15 cylinder 18 displacer 26 piston 32 drive mechanism (linear electromagnetic mechanism)
32B mover 41 leaf spring for piston (leaf spring, first leaf spring)
42 Leaf spring for piston (leaf spring, first leaf spring)
51 support member (support means)
53 Hexagonal spacer (supporting means)
54 Elastic ring (abutting portion, first abutting portion)
55 Spacer (Supporting means)
57 Outer washer (supporting means)
59 Leaf spring for displacer (leaf spring, second leaf spring)
62 vibrating part 71 support member (support means)
72 Elastic ring (contact part, second contact part)

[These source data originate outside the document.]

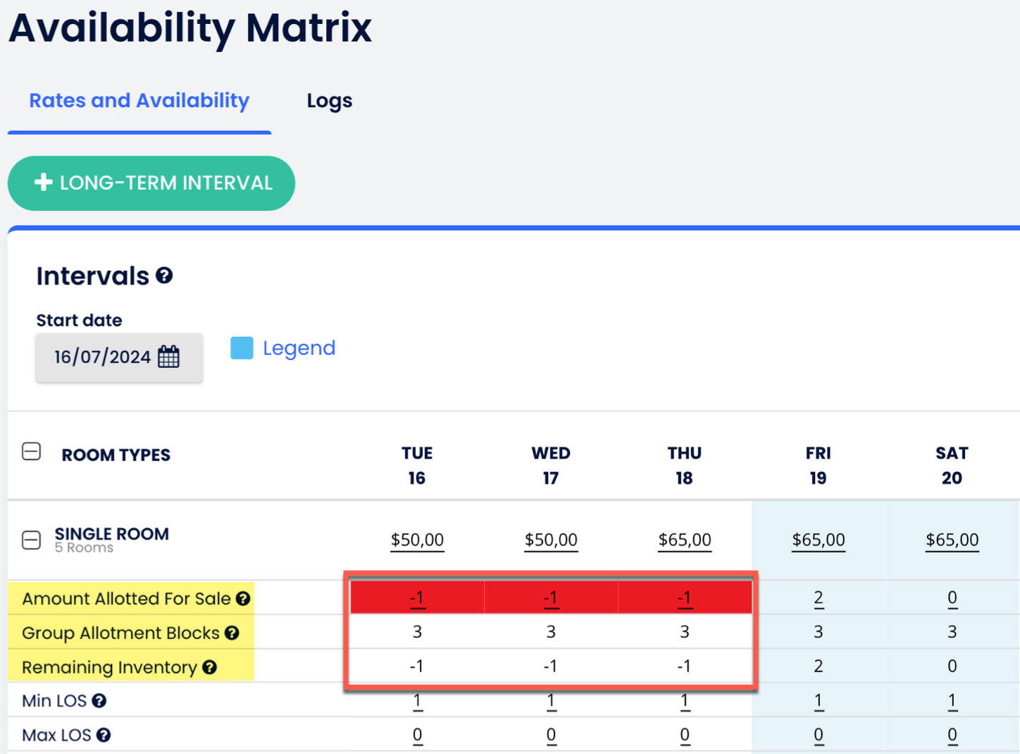 Kalan envanterinizde sadece 2 oda olduğu için ve bağlantısı kesilen rezervasyon 3 oda kullandığı için müsaitliğiniz şimdi -1 oldu.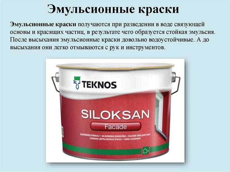 Une émulsion est une composition obtenue à partir de petits insolubles particules de polymères et pigments, en suspension dans l'eau. LKM s'adapte bien à toutes les surfaces, à l'exception de celles déjà peintes avec des peintures ou des vernis brillants. Il est économique, sèche rapidement et est inodore. Les émulsions résistent à l'humidité et aux alcalis, ne s'écaillent pas. Leurs propriétés dépendent du type de liant.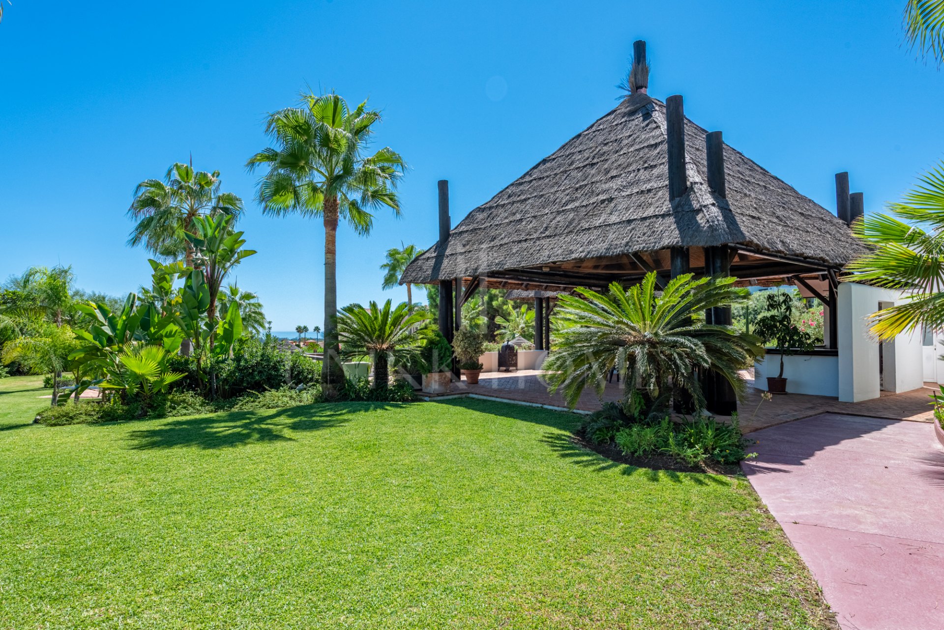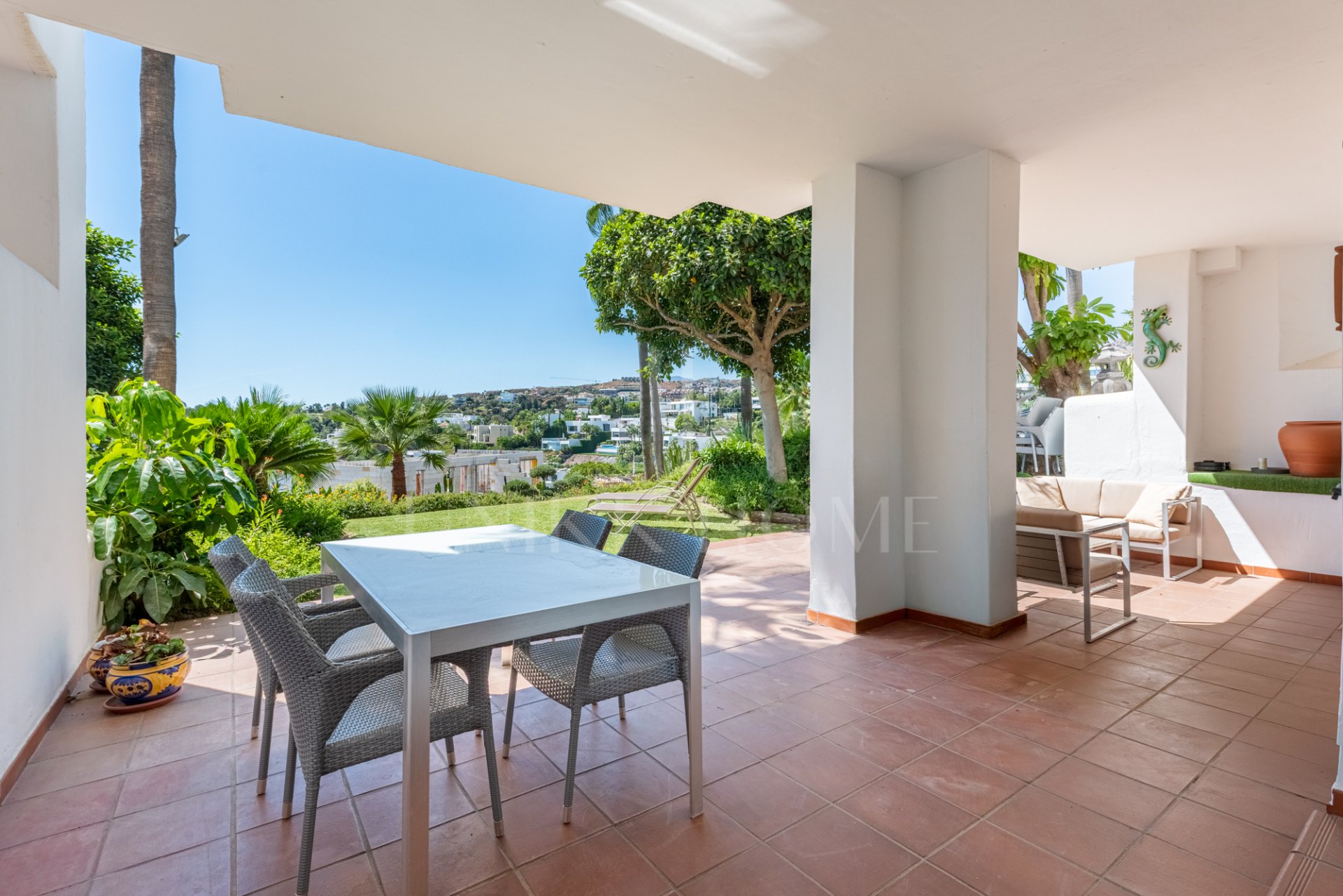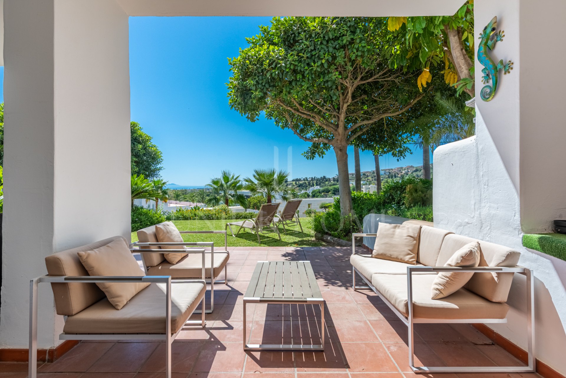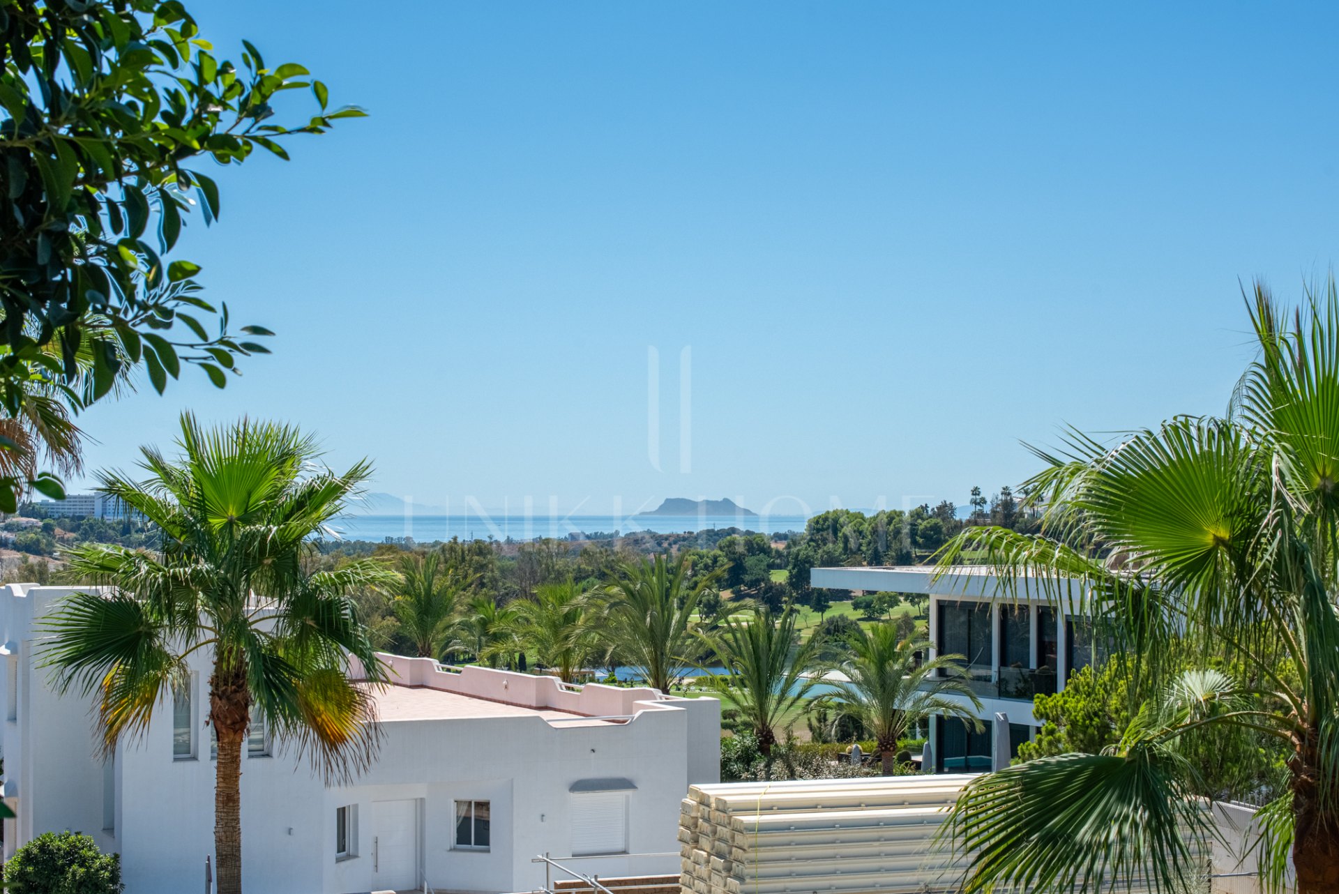 The property boasts a generous 42 m² terrace, partly covered for year-round use, and a private garden of around 50 m², creating an inviting space for outdoor dining, sunbathing, or simply relaxing while taking in the stunning views. Facing southwest, the terrace and garden enjoy long afternoon sun and sweeping vistas over the coast, stretching all the way to Gibraltar and the mountains of Africa.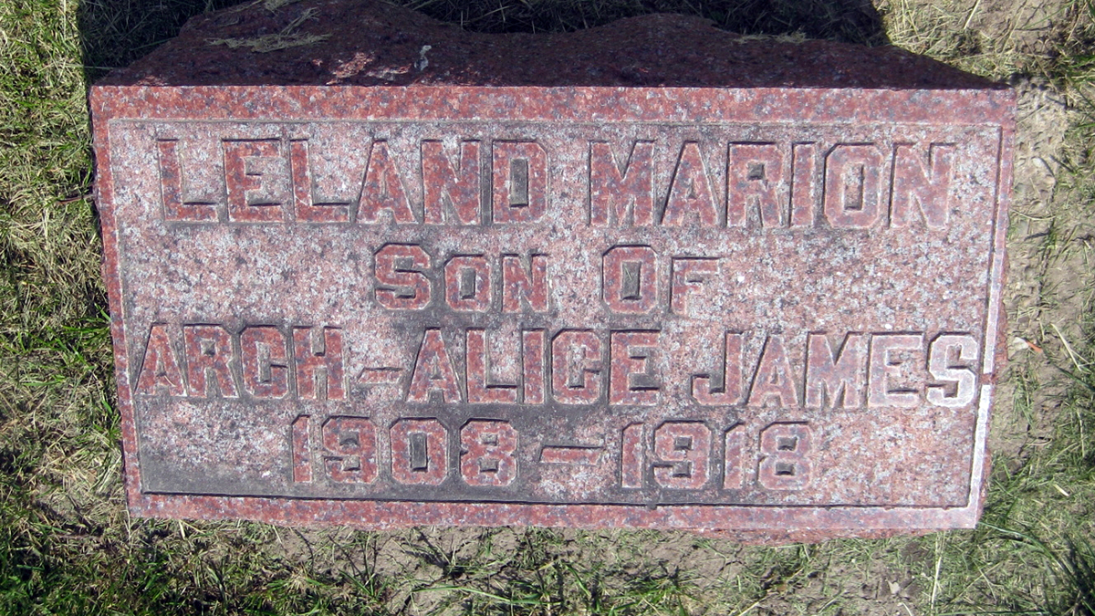 Find A Grave, database and images (https://www.findagrave.com/ ); Find a Grave, database and images (https://www.findagrave.com : accessed 03 January 2021), memorial page for Leland Marion James (25 Sep 1908\endash 18 Oct 1918), Find a Grave Memorial no. 125199747, citing Oak Ridge Cemetery, West Liberty, Muscatine County, Iowa, USA ; Maintained by Genie Lady (contributor 47043622) .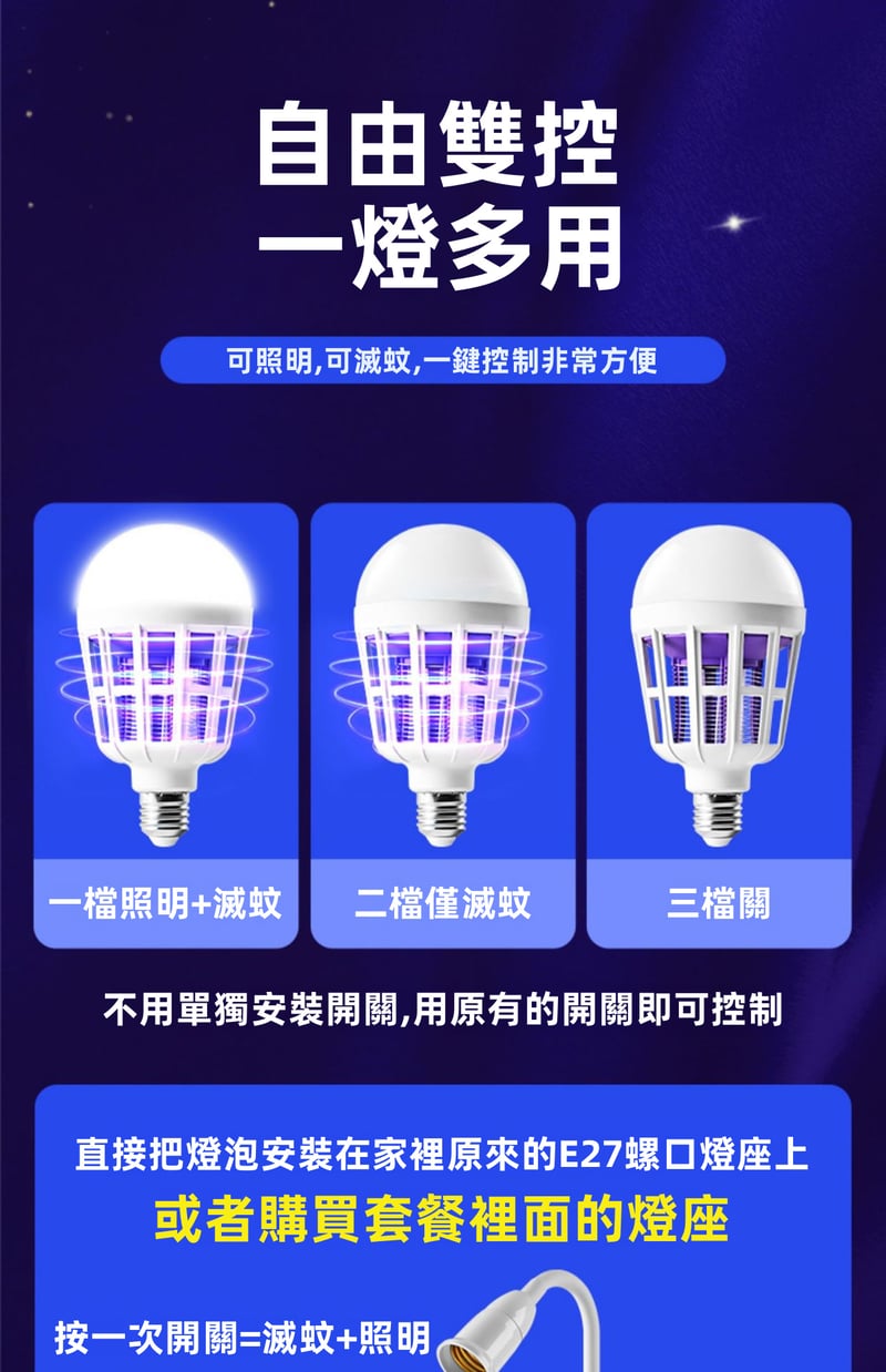 2分鐘前限時搶購 LED照明滅蚊燈E27螺口一擰即裝,UV紫光誘蚊,節能LED無頻閃,護眼超安全,居家戶外兩相宜 - 3入組-【均價399】NT$1199

74 Hexagonal spacer (supporting means)
75 High nut (supporting means)

Claims (5)

A cylinder, a piston and a displacer that are axially reciprocally movable in the cylinder, a linear electromagnetic mechanism having a mover attached to the piston, a leaf spring that controls the reciprocating motion of the piston, and In a free piston type Stirling cycle engine having a support means for fixing the positional relationship between the peripheral portion of the leaf spring and the cylinder,
A free part is provided, which is provided with an abutting part with which a vibrating part, which is an inner part in the radial direction of the supporting means of the leaf spring, comes into contact when the axial deformation of the leaf spring reaches a predetermined amount. Piston type Stirling cycle engine.   The free piston type Stirling cycle engine according to claim 1, wherein the contact portion is provided so as to contact the surface of the leaf spring on the piston side. A cylinder, a piston and a displacer that are axially reciprocally movable in the cylinder, a leaf spring that controls reciprocating movement of the displacer, and a positional relationship between the peripheral portion of the leaf spring and the cylinder are described. In a free piston type Stirling cycle engine having a fixing support means,
A free portion is provided, which is provided with an abutting portion with which a vibrating portion, which is a portion radially inward of the supporting means of the leaf spring, comes into contact when the axial deformation of the leaf spring reaches a predetermined amount. Piston type Stirling cycle engine.   The free piston type Stirling cycle engine according to claim 3, wherein the abutting portion is provided so as to abut a surface of the leaf spring on the displacer side. A cylinder, a piston and a displacer that are axially reciprocable in the cylinder, a linear electromagnetic mechanism having a mover attached to the piston, and a first leaf spring that controls the reciprocating motion of the piston. A free piston type Stirling cycle having a second leaf spring for controlling the reciprocating movement of the displacer, and a support means for fixing the positional relationship between the peripheral portions of the first and second leaf springs and the cylinder. At the institution
A first contact portion with which a vibrating portion, which is a portion radially inward of the supporting means of the first leaf spring, comes into contact when the axial deformation of the first leaf spring reaches a predetermined amount; A second contact portion with which the vibrating portion, which is a portion radially inward of the supporting means of the second leaf spring, comes into contact when the axial deformation of the second leaf spring reaches a predetermined amount A free piston type Stirling cycle engine characterized by being provided with.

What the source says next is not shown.